Have you ever been to Butterfly beach in Montecito, California? One of the most beautiful scene in the area, walking on its sand is a real pleasure. Ocean, sun and palm trees, a dream place where if you wait for the tide to be low, you could be lucky enough to step on one of the forty-six-year-old sticky black vestige from the past… Wait what..? Were you expecting something else?
If you live in Santa Barbara, it is important to know that in January 1969, the third most devastating oil spill in the U.S history, occurred on its coast. A hundred thousand barrels in the ocean, from Goleta to Ventura. Only the 1989 Exxon Valdez oil spill in Alaska (500 000 barrels) and the 2010 BP oil spill in the Gulf of Mexico (5 million barrels), were worst.
A derrick called Platform A, owned by Union Oil at the time, suffered a natural gas blowout. Three million gallons of crude oil in the ocean, 200 000 gallons on the surface spread by the winds and swells into 800 square miles. The workers were drilling down 3500 feet below the ocean floor. While replacing a drill bit, a first blowout occurred, the level of substance used to maintain the pressure was too low. When they tried to cap that first hole, it only led to an even bigger accumulation of pressure and a more dramatic explosion.
The ecological impact is still hard to fully evaluate. All the ocean’s related creatures were, and still are affected by what happened. At the Santa Barbara Wildlife Care Center, they focused on bird populations, an example in between land and sea, to better illustrate the consequences on our ecosystem. Around 4000 birds died by contact with oil. The Santa Barbara Zoo and other emergency treatment center for animal tried to save as many as they could, but only 30% of the treated survived. Many more species saw their population decrease considerably. As for the lucky ones who avoided it, the chemicals used to disperse the oil on the ocean’s surface made sure they would not survive. The president of Union oil Fred L. Hartley, declared that “I don’t like to call it a disaster, because there has been no loss of human life. I am amazed at the publicity for the loss of a few birds.”
“What is involved is the use of our resources of the sea and of the land in a more effective way and with more concern for preserving the beauty and the natural resources that are so important to any kind of society that we want for the future. The Santa Barbara incident has frankly touched the conscience of the American people.” (U.S. President Richard Nixon)
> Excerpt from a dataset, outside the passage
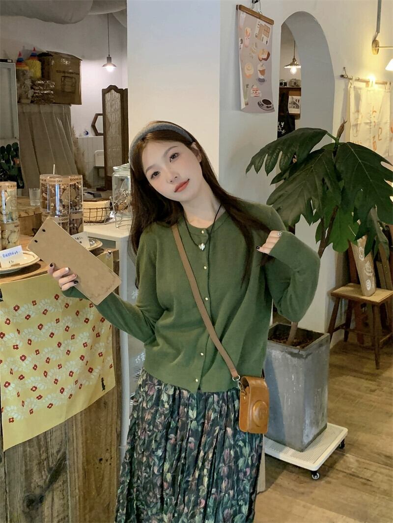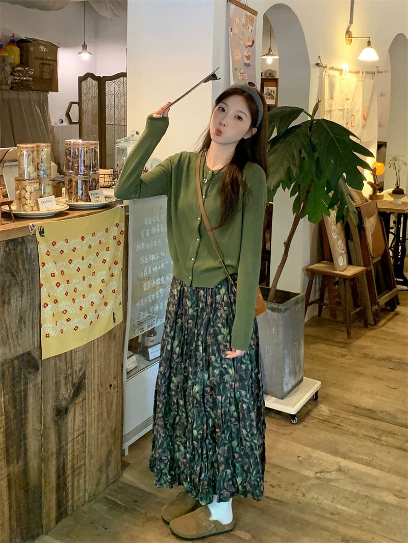 レトロ長袖ニットカーディガンデザインプリーツ花ミディスカート女性秋 2023 新しいファッションスーツ ロング オータム 秋物 花柄 missk96824249970

President Nixon came to Santa Barbara on March 21, 1969. Horrified by the damages, and impressed by the cleaning efforts, he considered a halt to all offshore drilling. He also turned the buffer zone into a protected ecological area. However, the same year in August, the ban was lifted and drilling was allowed again. The same month a company called Sun Oil received the authorization to build a new derrick, adjacent to Platform A. The installation started on November 26. It took less than a year after the spill, for oil companies to drill offshore again.
What is to remember from this disaster, is how the local communities all participated to the cleaning efforts. Get Oil Out (GOO), an organization created in Santa Barbara few days after the oil spill, gathered more than 100 000 signatures for a petition convincing President Nixon to ban offshore drilling. Volunteers invaded the beaches and the animal rescue centers to help however they could. An Earth Day was created nationwide, still in place now a day. Many would say this 1969 oil spill initiated the “environmental movement”, and it all started in Santa Barbara.
“I had been impressed by the way energetic college students, shopkeepers, surfers, parents with their kids, all joined the beach clean-up. I saw a Montecito society matron transporting oily birds in her Mercedes.” (John McKinney, Nature writer)
Even 46 years after the spill occurred, its remnants can still be found. Not only reminding you how horrific the situation was, but mostly how strong a community can be, when acting as one.